Skip all pictures. Write out the data below from its first line through the line that contains "电影《哭泣游戏》(1992)".

__The input__:
^^^^
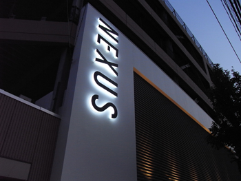 内照式壁面サインは側面発光とし、夜間は文字が浮かび上がった印象となります。モデルルームの特性上短期間の展示であるため、壁面サインの光源にはイニシャルコストをひくく抑えられるネオンを採用しました。
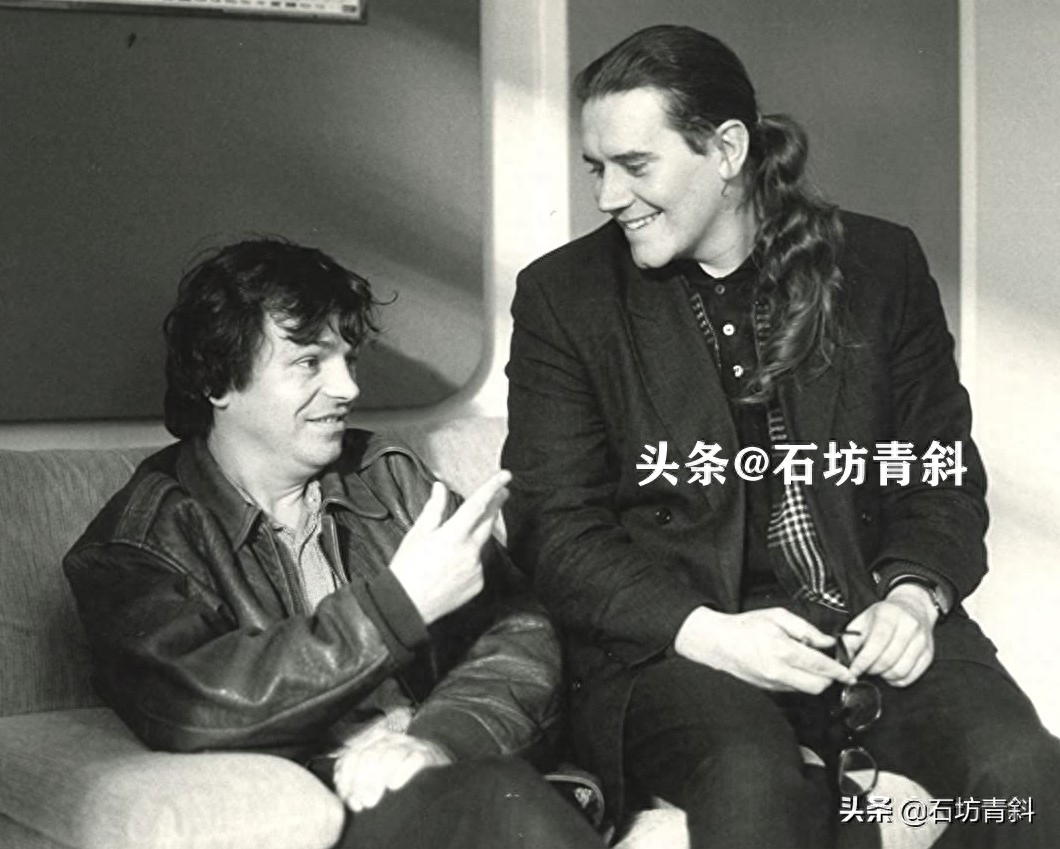 电影《哭泣游戏》(1992)片场,演员斯蒂芬·瑞(左)和制片人斯蒂芬·伍利在聊天
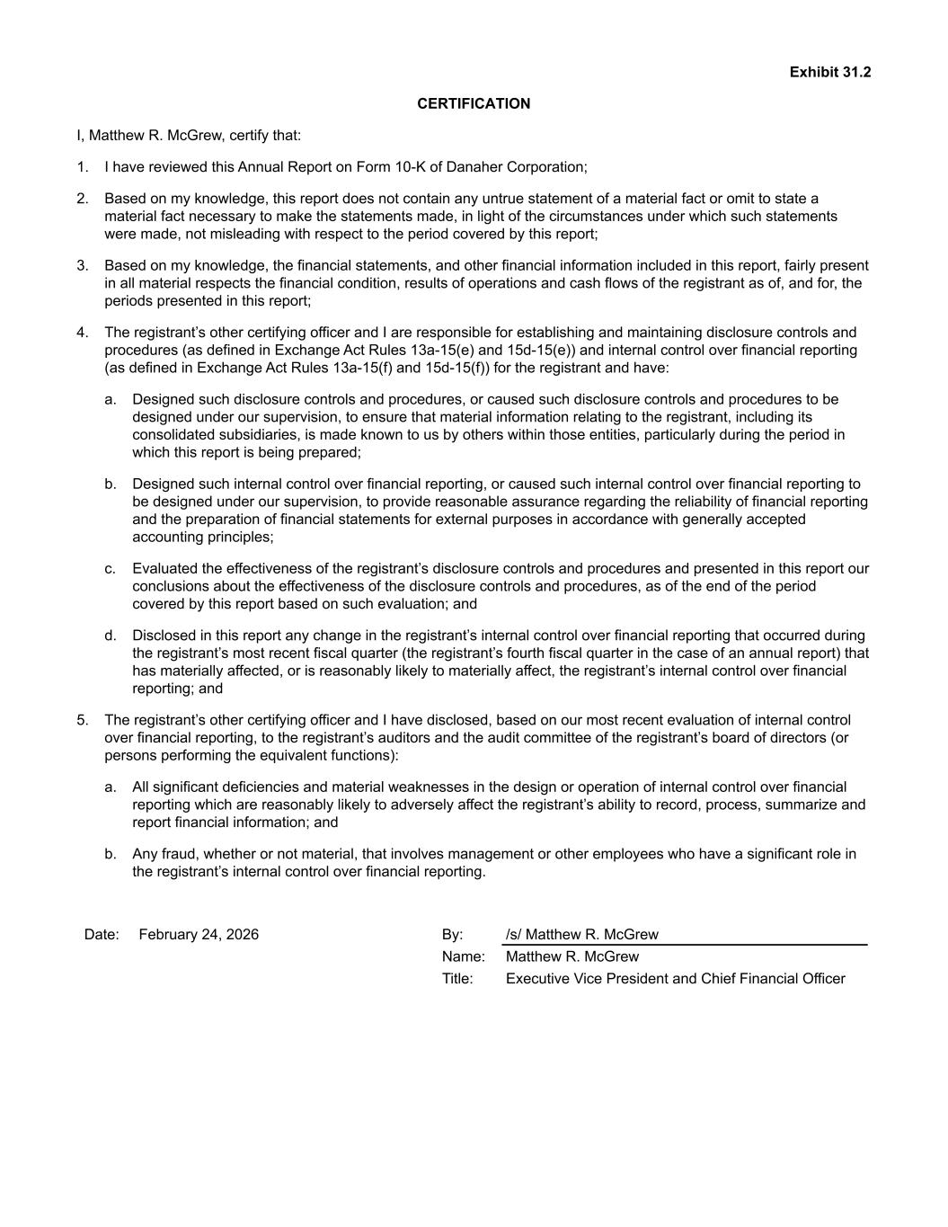 Exhibit 31.2 CERTIFICATION I, Matthew R. McGrew, certify that: 1. I have reviewed this Annual Report on Form 10-K of Danaher Corporation; 2. Based on my knowledge, this report does not contain any untrue statement of a material fact or omit to state a material fact necessary to make the statements made, in light of the circumstances under which such statements were made, not misleading with respect to the period covered by this report; 3. Based on my knowledge, the financial statements, and other financial information included in this report, fairly present in all material respects the financial condition, results of operations and cash flows of the registrant as of, and for, the periods presented in this report; 4. The registrant’s other certifying officer and I are responsible for establishing and maintaining disclosure controls and procedures (as defined in Exchange Act Rules 13a-15(e) and 15d-15(e)) and internal control over financial reporting (as defined in Exchange Act Rules 13a-15(f) and 15d-15(f)) for the registrant and have: a. Designed such disclosure controls and procedures, or caused such disclosure controls and procedures to be designed under our supervision, to ensure that material information relating to the registrant, including its consolidated subsidiaries, is made known to us by others within those entities, particularly during the period in which this report is being prepared; b. Designed such internal control over financial reporting, or caused such internal control over financial reporting to be designed under our supervision, to provide reasonable assurance regarding the reliability of financial reporting and the preparation of financial statements for external purposes in accordance with generally accepted accounting principles; c. Evaluated the effectiveness of the registrant’s disclosure controls and procedures and presented in this report our conclusions about the effectiveness of the disclosure controls and procedures, as of the end of the period covered by this report based on such evaluation; and d. Disclosed in this report any change in the registrant’s internal control over financial reporting that occurred during the registrant’s most recent fiscal quarter (the registrant’s fourth fiscal quarter in the case of an annual report) that has materially affected, or is reasonably likely to materially affect, the registrant’s internal control over financial reporting; and 5. The registrant’s other certifying officer and I have disclosed, based on our most recent evaluation of internal control over financial reporting, to the registrant’s auditors and the audit committee of the registrant’s board of directors (or persons performing the equivalent functions): a. All significant deficiencies and material weaknesses in the design or operation of internal control over financial reporting which are reasonably likely to adversely affect the registrant’s ability to record, process, summarize and report financial information; and b. Any fraud, whether or not material, that involves management or other employees who have a significant role in the registrant’s internal control over financial reporting. Date: February 24, 2026 By: /s/ Matthew R. McGrew Name: Matthew R. McGrew Title: Executive Vice President and Chief Financial Officer
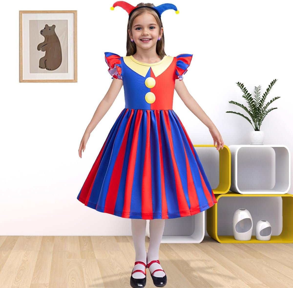 Pomni Costume Kids Cosplay Amazing Digital Circus Dress Up Girl 2t 3t 4t 5t 6t 7t 8tPomni Costume Kids Cosplay Amazing Digital Circus Dress Up Girl 2t 3t 4t 5t 6t 7t 8t
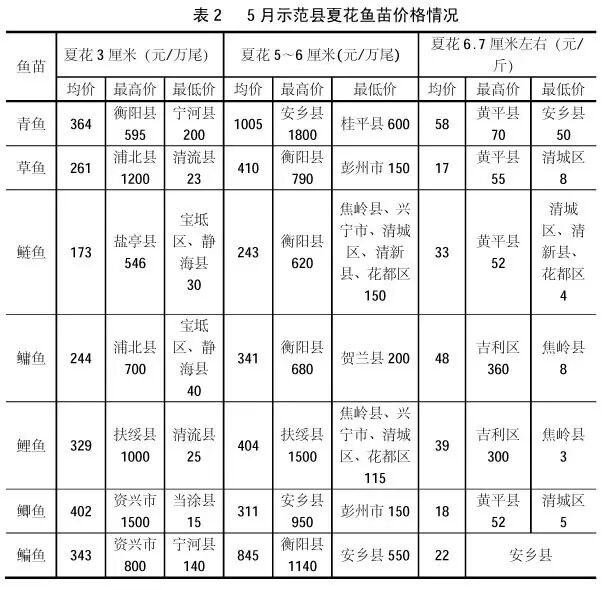 此外,大宗淡水鱼苗种价格存在区域性差异。示范县的大宗淡水鱼苗种最高价、最低价的分布情况具体见表1。而从鱼苗价格来看,这种地域差异更加明显。5月份各地夏花三种尺寸鱼苗大量上市,水花、冬片和春片鱼苗数量有所增加,主要集中在广东和湖北等地。从夏花鱼苗价格看,尺寸为3厘米的,以浦北县和资兴市的价格较高,宝坻区、静海县和清流县的价格较低;尺寸为5~6厘米的,以衡阳县和资兴市的价格较高,彭州市价格较低;而对6.7厘米规格而言,则以黄平县的价格较高,焦岭县和清城区价格较低。值得关注的是,目前各地夏花鱼苗的价格差距较大,价差多者甚至达到几百、上千元,详见表2。
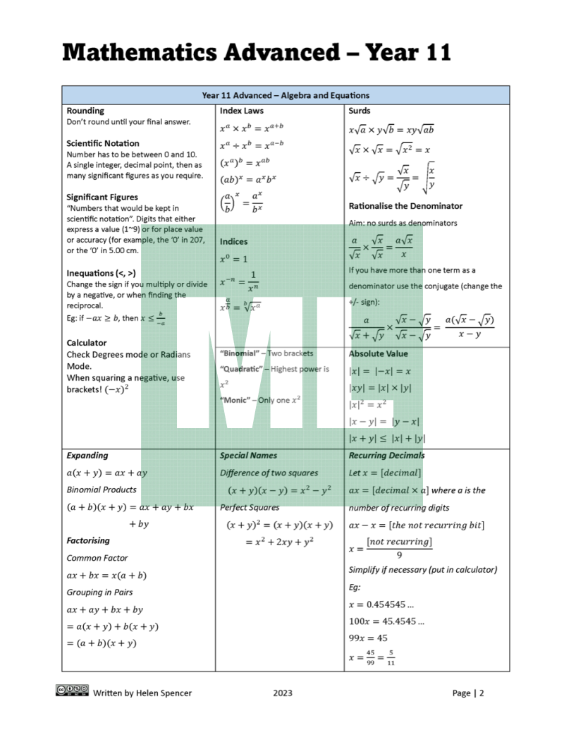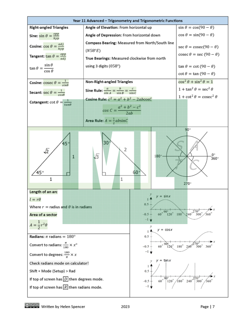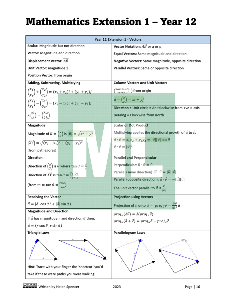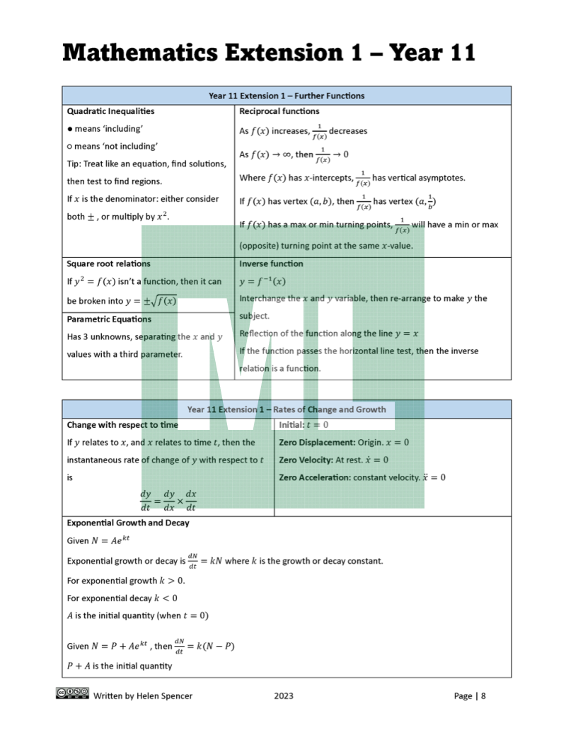 A revision book for NSW Mathematics Advanced and Extension 1.
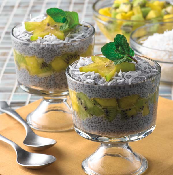 It doesn’t get any easier than this. Take a blend of coconut milk, cream of coconut and regular milk and stir in some chia seeds. In a few hours, the seeds will have swelled and thickened the mixture into a rich, creamy, textured pudding. When lightened up with some whipped cream and layered with tropical fruit, this dessert is not only healthy and easy to prepare, but also quite nutritious.
^^^^
__Task solution__:
 内照式壁面サインは側面発光とし、夜間は文字が浮かび上がった印象となります。モデルルームの特性上短期間の展示であるため、壁面サインの光源にはイニシャルコストをひくく抑えられるネオンを採用しました。
 电影《哭泣游戏》(1992)片场,演员斯蒂芬·瑞(左)和制片人斯蒂芬·伍利在聊天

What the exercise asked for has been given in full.